**Problem:** In the records below, find the line that contains "Expoint leverte en" and the line that contains "- Непревзойденный дизайн: очаровательный"; write out exactly those two lines and everything between them, without the pictures.

**Input for this task:**
BEGIN
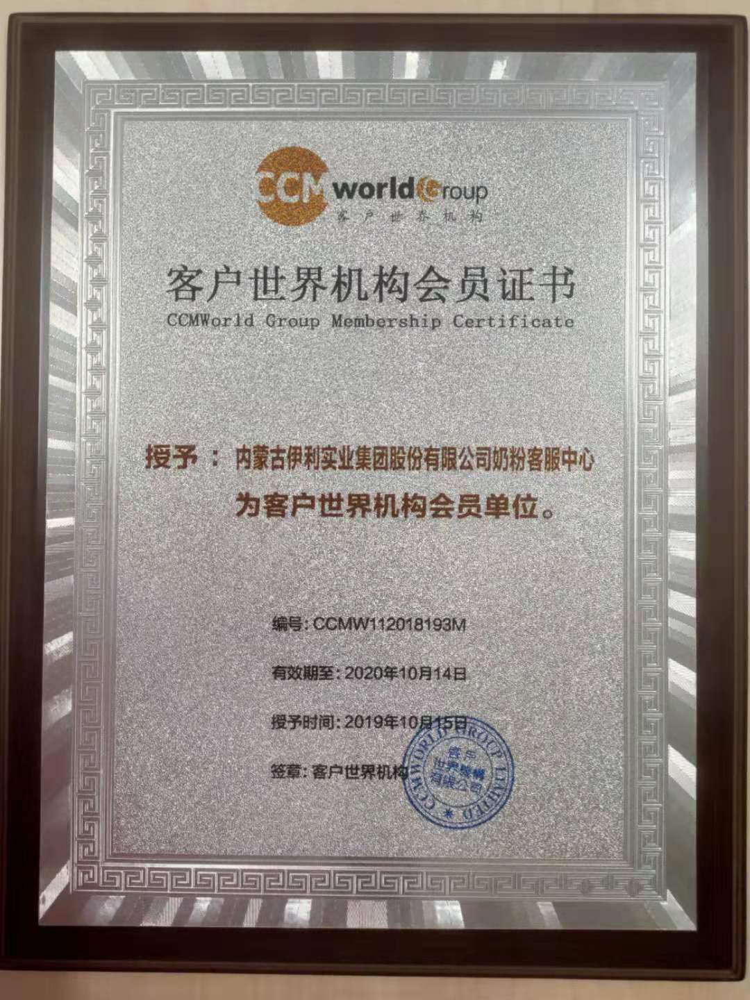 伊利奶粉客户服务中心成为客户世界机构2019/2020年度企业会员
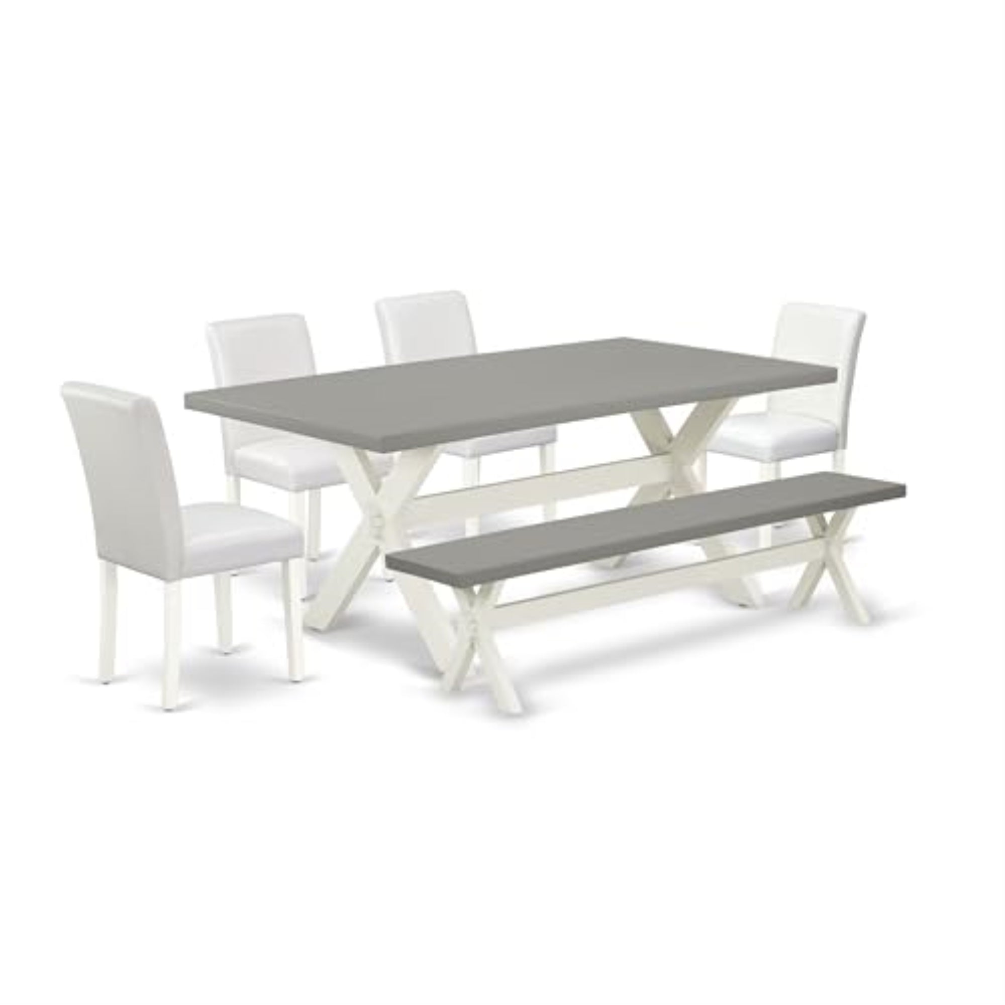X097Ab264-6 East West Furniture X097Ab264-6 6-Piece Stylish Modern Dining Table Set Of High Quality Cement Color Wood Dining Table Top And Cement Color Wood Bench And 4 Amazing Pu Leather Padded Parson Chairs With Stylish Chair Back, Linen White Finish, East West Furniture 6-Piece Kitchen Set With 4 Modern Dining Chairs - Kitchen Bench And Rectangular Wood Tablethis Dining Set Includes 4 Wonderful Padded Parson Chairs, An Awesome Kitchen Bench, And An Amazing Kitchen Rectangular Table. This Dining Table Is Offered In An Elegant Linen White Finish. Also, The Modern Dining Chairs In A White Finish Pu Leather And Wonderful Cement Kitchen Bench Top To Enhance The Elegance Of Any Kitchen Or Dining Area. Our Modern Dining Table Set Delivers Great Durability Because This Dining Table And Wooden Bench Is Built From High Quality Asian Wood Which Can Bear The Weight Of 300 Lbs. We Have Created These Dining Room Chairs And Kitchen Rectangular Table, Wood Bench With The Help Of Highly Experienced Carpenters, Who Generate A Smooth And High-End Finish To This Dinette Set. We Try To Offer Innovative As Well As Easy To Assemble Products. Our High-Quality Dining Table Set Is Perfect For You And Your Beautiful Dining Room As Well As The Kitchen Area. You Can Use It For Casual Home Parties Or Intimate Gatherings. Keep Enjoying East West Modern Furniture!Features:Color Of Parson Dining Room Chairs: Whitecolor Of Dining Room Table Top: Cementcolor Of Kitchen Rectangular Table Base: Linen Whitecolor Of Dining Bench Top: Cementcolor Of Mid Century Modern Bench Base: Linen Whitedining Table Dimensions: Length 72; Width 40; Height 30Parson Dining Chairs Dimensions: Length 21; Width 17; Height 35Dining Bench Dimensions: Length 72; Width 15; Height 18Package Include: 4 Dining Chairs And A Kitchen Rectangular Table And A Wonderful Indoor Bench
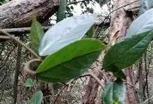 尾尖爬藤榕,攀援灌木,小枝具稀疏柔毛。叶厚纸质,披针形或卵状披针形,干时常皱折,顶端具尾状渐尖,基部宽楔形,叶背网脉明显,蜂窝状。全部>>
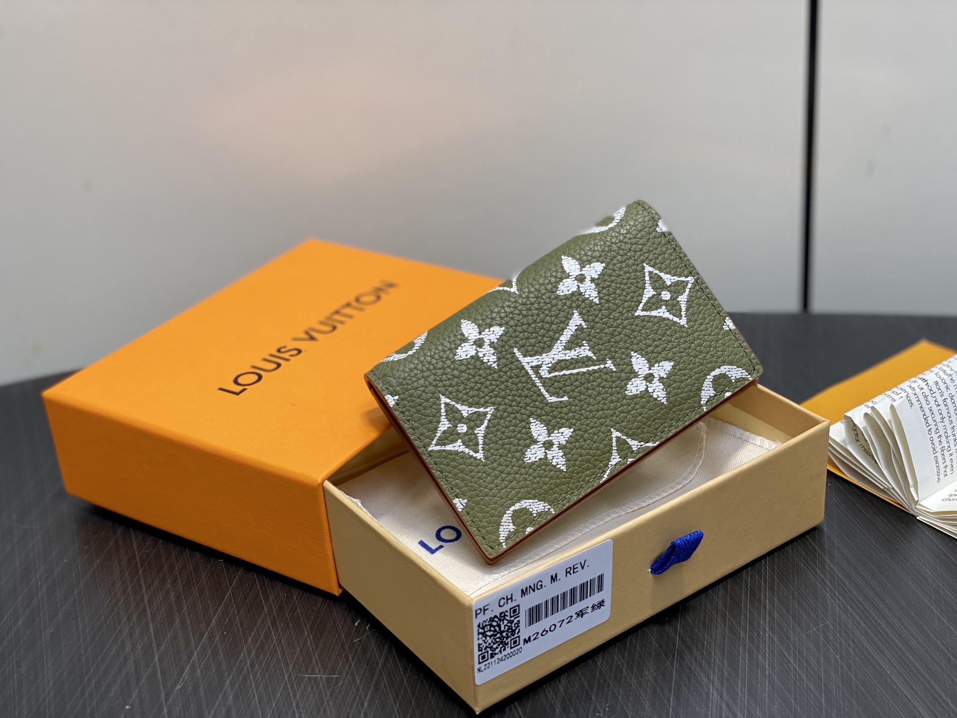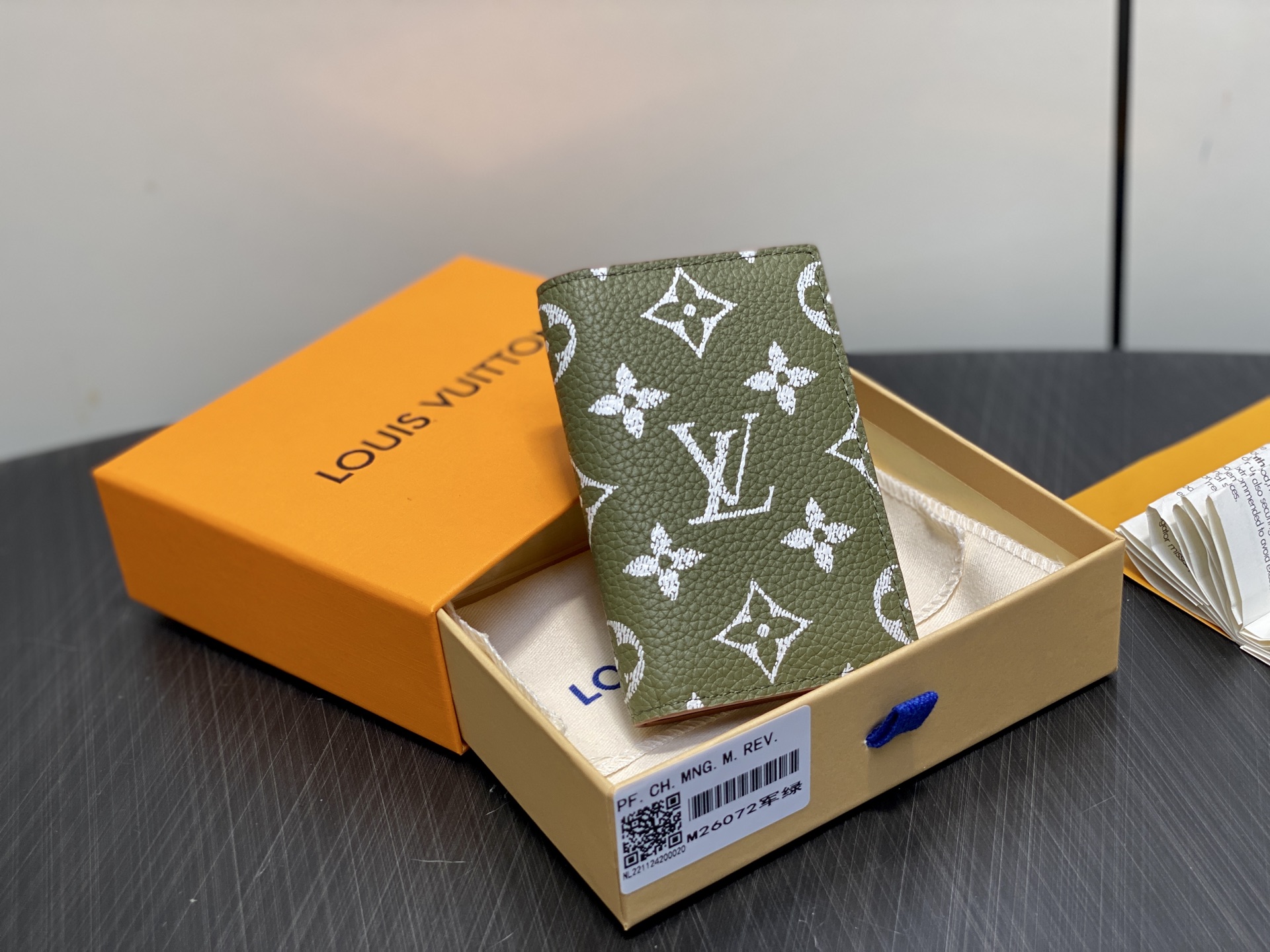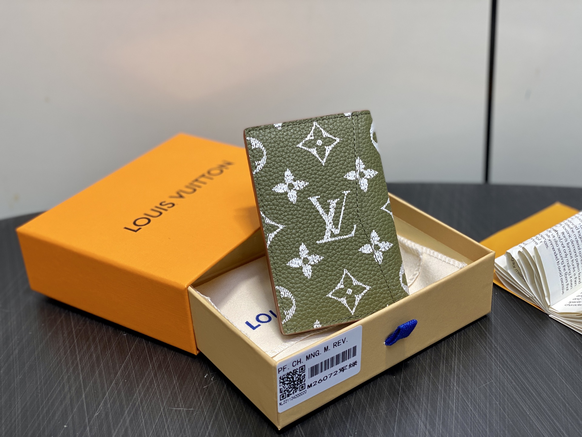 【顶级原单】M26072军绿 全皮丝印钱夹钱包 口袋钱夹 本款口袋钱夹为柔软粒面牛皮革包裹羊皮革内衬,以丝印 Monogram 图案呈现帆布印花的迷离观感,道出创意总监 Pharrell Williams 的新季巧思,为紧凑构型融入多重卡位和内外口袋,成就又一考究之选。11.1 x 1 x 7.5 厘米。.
END
BEGIN
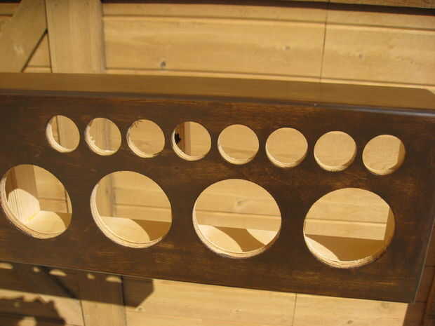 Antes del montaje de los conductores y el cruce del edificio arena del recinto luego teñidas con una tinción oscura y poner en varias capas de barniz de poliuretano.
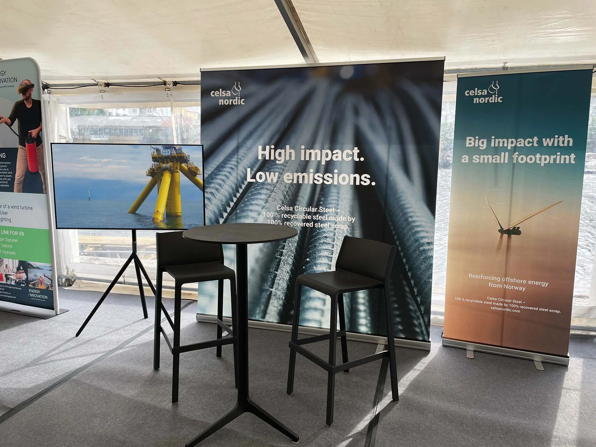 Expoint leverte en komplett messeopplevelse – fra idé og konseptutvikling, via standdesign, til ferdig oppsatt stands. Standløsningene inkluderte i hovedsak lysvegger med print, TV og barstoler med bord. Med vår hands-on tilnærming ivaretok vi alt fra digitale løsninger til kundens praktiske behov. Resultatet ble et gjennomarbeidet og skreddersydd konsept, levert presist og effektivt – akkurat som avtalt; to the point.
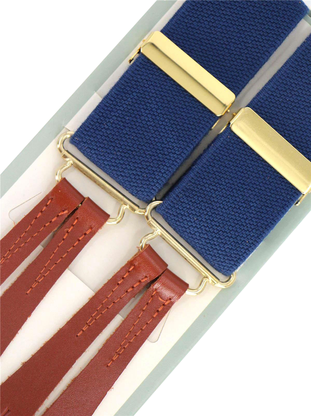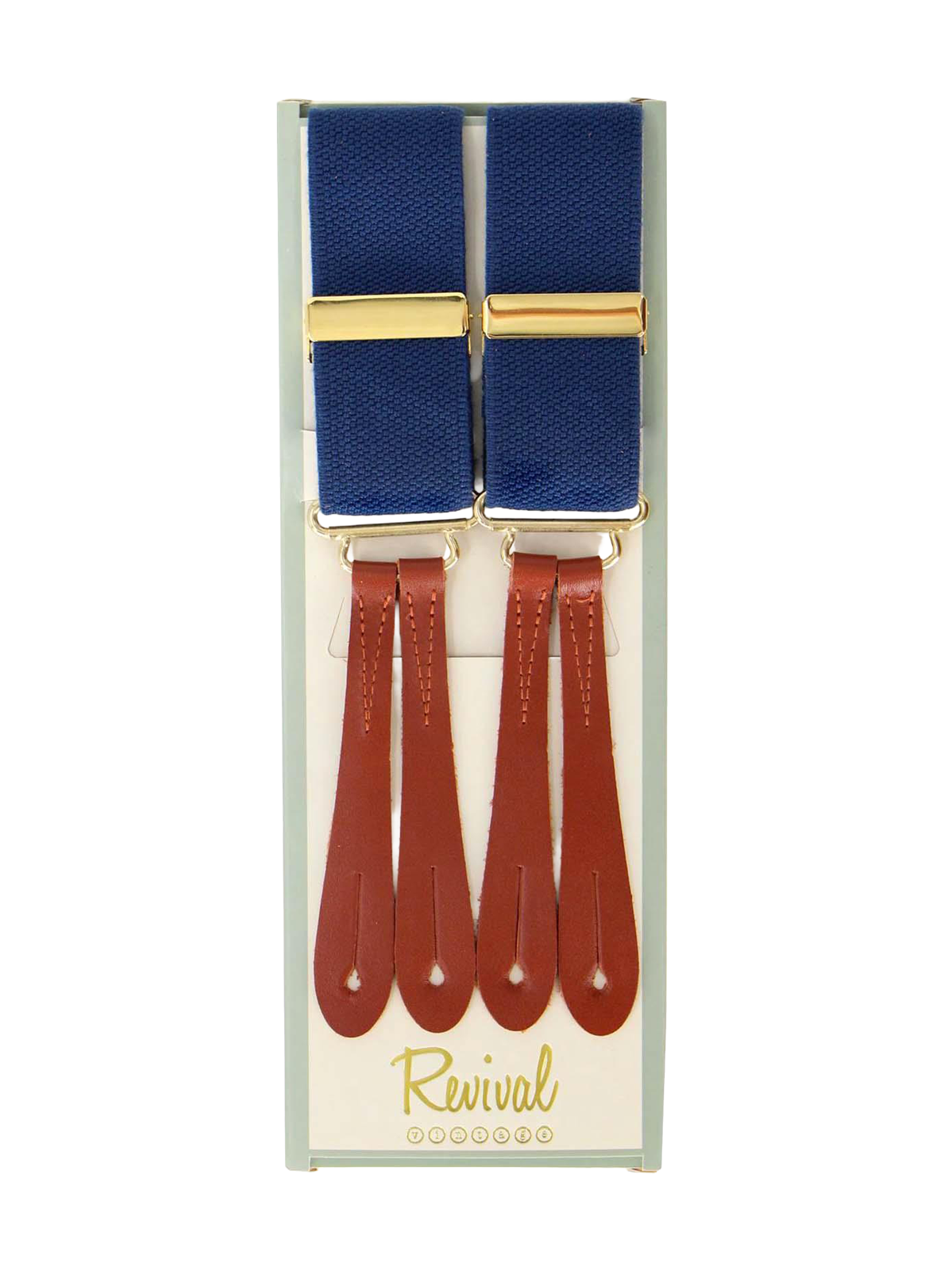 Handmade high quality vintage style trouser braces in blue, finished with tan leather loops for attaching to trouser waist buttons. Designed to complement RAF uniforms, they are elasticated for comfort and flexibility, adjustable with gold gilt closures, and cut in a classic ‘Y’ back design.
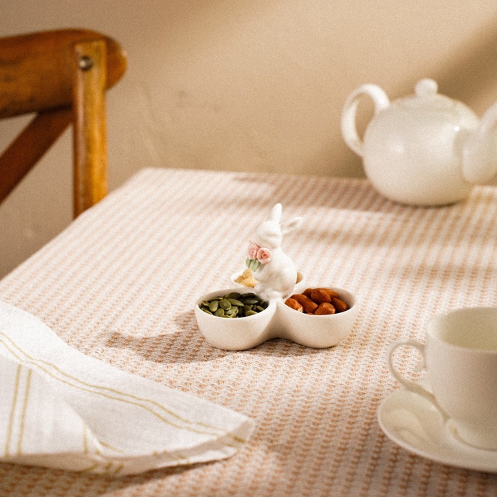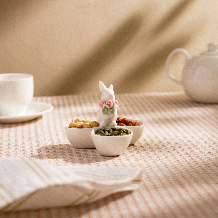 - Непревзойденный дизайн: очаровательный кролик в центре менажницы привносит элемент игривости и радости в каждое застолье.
END
**Response box:**
 Expoint leverte en komplett messeopplevelse – fra idé og konseptutvikling, via standdesign, til ferdig oppsatt stands. Standløsningene inkluderte i hovedsak lysvegger med print, TV og barstoler med bord. Med vår hands-on tilnærming ivaretok vi alt fra digitale løsninger til kundens praktiske behov. Resultatet ble et gjennomarbeidet og skreddersydd konsept, levert presist og effektivt – akkurat som avtalt; to the point.
 Handmade high quality vintage style trouser braces in blue, finished with tan leather loops for attaching to trouser waist buttons. Designed to complement RAF uniforms, they are elasticated for comfort and flexibility, adjustable with gold gilt closures, and cut in a classic ‘Y’ back design.
 - Непревзойденный дизайн: очаровательный кролик в центре менажницы привносит элемент игривости и радости в каждое застолье.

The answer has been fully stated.